"Mickey" <mickey@mcnjeni.com> writes:
>> FATAL 2: XLogFlush: request is not satisfied
It looks like you are suffering from a corrupted LSN value in the header
of one or more data pages. You didn't favor us with any mention of your
Postgres version, but from spelling of the error messages I venture that
it's 7.1.something. 7.1 is known not to be very robust in this
situation :-(.
What you need to do is extract whatever data you need (or can get
anyway) and then update to something more modern and reload the
database. You should really be on 7.2.4 or better 7.3.4.
Can you pg_dump successfully? If not, do you really need the data in
the members_ table, or can that be reconstructed from somewhere else?

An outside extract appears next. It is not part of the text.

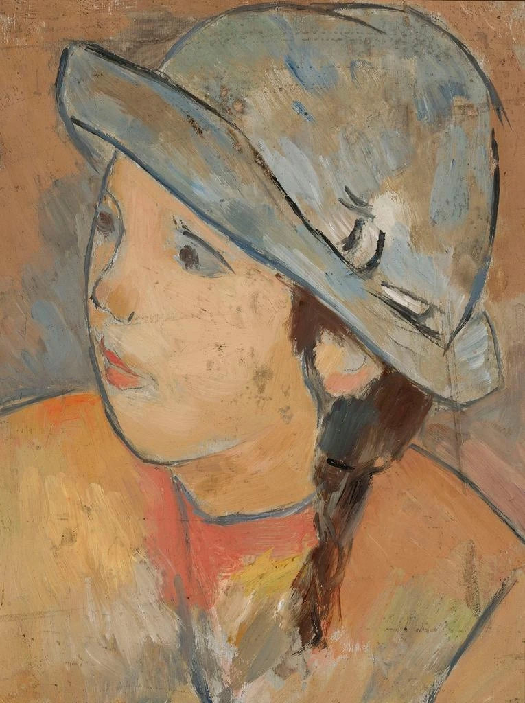Het hoofd van een meisje met een blauwe hoed - Tadeusz Makowski

If the latter, drop that table and try to dump again. If the former,
you'll have to resign yourself to some data loss, but you could
theoretically zero the damaged page(s) and still read the rest of the
table. The trouble is finding which pages are damaged --- 7.1 won't
give you a lot of help on that either :-(. Best bet I know of is to use
pg_filedump (http://sources.redhat.com/rhdb/) and look to see which
pages in the members_ file have headers that don't look like the other
pages.
Somewhere along here you should also give some thought to what it was
that got you into this situation. It'd not be a wise idea to assume
that it was a Postgres bug. (I'm not saying that it wasn't, mind you,
but several years later we still have not found any bugs that might
clobber page headers.) Before trying to put your database back in
production, I'd suggest looking for hardware problems (memtest86 and
badblocks are commonly used to test RAM and disk respectively). Also
see whether you shouldn't be using a more recent Linux kernel.